Plant Virus Silencing Suppressors and RNA Silencing in Plants

Abstract

Plants use ribonucleic acid (RNA) of virus origins to produce small interfering RNAs (siRNAs) that guide sequence‐specific destruction of viral RNAs through a process termed RNA silencing. In addition to siRNAs, antiviral RNA silencing requires the participation of at least four families of plant proteins, namely the dicer‐like (DCL) nucleases that process virus‐specific double‐stranded (ds) RNA to siRNAs, Argonaute proteins (AGO) that use siRNAs as the sequence‐specific guide to cleave (slice) complementary single‐stranded viral RNA, as well as dsRNA‐binding proteins (DRBs) that assist DCL processing and/or DCL‐AGO communication, and RNA‐dependent RNA polymerases (RDRs) that produce a subset of dsRNA substrates of DCLs by converting viral ssRNAs into dsRNAs. To survive the RNA silencing‐based plant defence, plant viruses have evolved to encode strong suppressors of RNA silencing (VSR). Known targets of VSRs include all major steps/components of the RNA silencing pathway(s).

Key Concepts:

  • RNA silencing is an RNA‐mediated, sequence‐specific surveillance system in plants and other eukaryotes.
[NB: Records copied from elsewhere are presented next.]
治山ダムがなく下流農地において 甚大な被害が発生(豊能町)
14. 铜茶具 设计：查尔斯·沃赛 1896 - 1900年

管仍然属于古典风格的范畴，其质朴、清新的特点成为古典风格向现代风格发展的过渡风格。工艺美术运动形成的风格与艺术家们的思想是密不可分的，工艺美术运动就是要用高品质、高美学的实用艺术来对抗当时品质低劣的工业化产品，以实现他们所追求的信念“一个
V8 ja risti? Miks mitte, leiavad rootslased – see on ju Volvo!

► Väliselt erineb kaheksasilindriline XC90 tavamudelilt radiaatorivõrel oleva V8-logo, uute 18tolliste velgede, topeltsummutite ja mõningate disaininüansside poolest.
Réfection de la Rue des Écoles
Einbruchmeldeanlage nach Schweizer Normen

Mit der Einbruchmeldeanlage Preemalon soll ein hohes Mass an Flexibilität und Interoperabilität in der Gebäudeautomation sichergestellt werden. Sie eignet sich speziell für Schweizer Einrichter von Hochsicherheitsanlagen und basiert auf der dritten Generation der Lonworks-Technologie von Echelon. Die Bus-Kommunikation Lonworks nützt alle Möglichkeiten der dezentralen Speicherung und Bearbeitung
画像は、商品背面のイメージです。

  • The sequence specificity of RNA silencing is conferred by siRNAs generated through the processing of dsRNAs originated from viruses and other molecular parasites.
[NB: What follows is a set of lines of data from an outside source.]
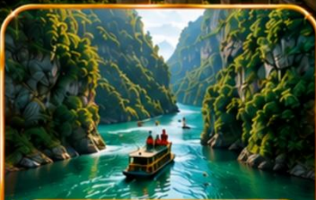
ผิงชานแกรนด์แคนยอน
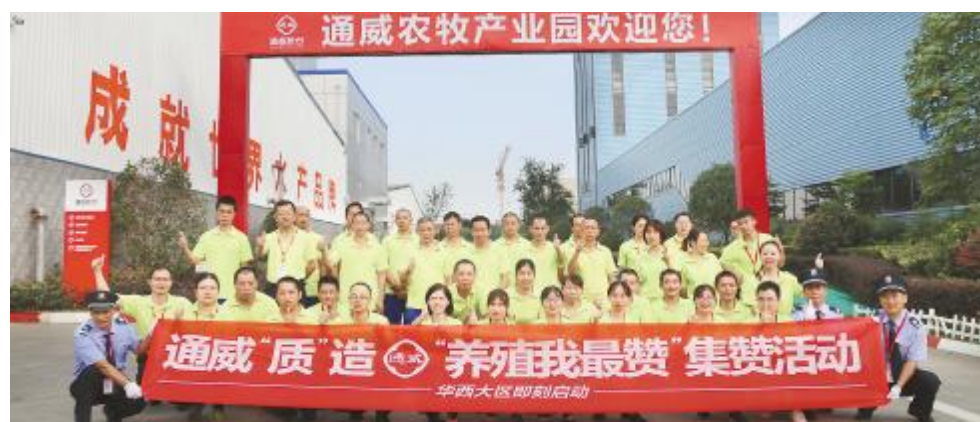
华西大区鼓励通威用户反馈产品效果、讲述养殖故事、比拼养殖技能
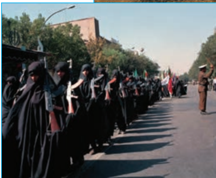
شکل ۳۱-۴- بسیج خواهران در استان
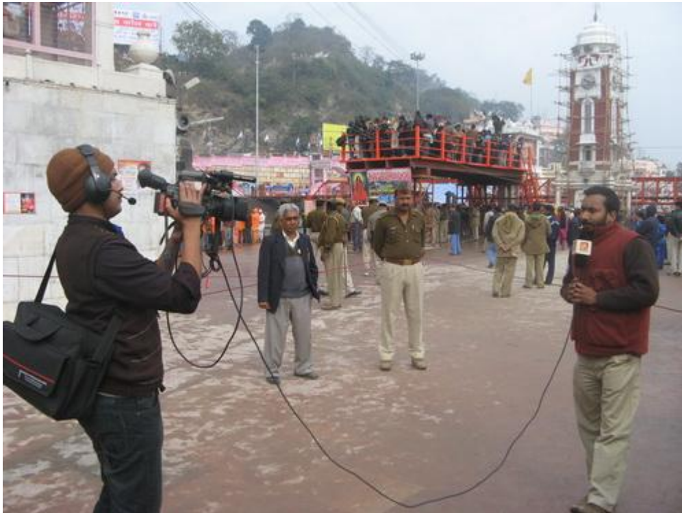
Телевизионщики со всей страны и мира приехали освещать этот грандиозный праздник, на заднем плане площадка для теле и фотокамер, с нее самый лучший обзор Гхатов и можно было сделать потрясающие снимки, но вход туда разрешен только аккредитованным корреспондентам СМИ ((
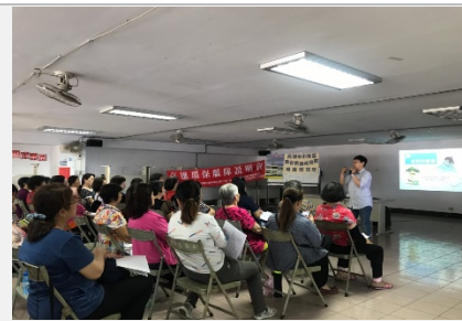
持續推動轄區環保艦隊

  • RNA silencing is analogous to RNA interference (RNAi) in animals. It is a highly conserved mechanism of genome defence in almost all eukaryotic organisms.

  • Evolutionary successful viruses encode VSRs to engage diverse components of the RNA silencing pathway and subvert this robust defence mechanism.

Keywords: RNA silencing; viral suppressor of RNA silencing (VSR); plant; Arabidopsis; plant virus

Figure 1.

The four best characterised endogenous RNA silencing pathways in Arabidopsis plants. The miRNA pathway depicted on the top is initiated with the processing of primary miRNA (pri‐miRNA) in two sequential steps to generate mature miRNA. This process is catalysed by DCL1 with the help of HYL1, a DRB family protein. The miRNAs are then recruited by AGO1 to guide the cleavage of cognate RNAs. The tasiRNA pathway (middle, right) initiates with a TAS transcript that is cleaved at one or both ends by miRNA‐guided slicing (shown as dotted arrow). This transcript then serves as template for RDR6 to produce dsRNA, which in turn is processed into mature tasiRNA by DCL4 with the help of DRB4. tasiRNAs can be recruited by AGO1 or AGO7 to direct target cleavage. The cis‐siRNA pathway (bottom) regulates the gene expression through the modification of the homologous chromosomal DNA. In this pathway, NRPD, a DNA‐dependent RNA polymerase unique to plants, is likely responsible for making the initial transcript from the repetitive DNA to be modified. This NRPD transcript is then copied by RDR2 into dsRNA, the later being processed by DCL3 into 24 nt cis‐siRNAs. The nat‐siRNA pathway (middle, left) is initiated only when both of the genes that are positioned tail‐to‐tail are actively transcribed, creating dsRNA at their 3′ ends. After the initial processing by DCL2, the subsequent steps are similar to that of tasiRNA pathway.

Figure 2.

VSRs from diverse viruses target different steps of the RNA silencing pathway. See main text for details.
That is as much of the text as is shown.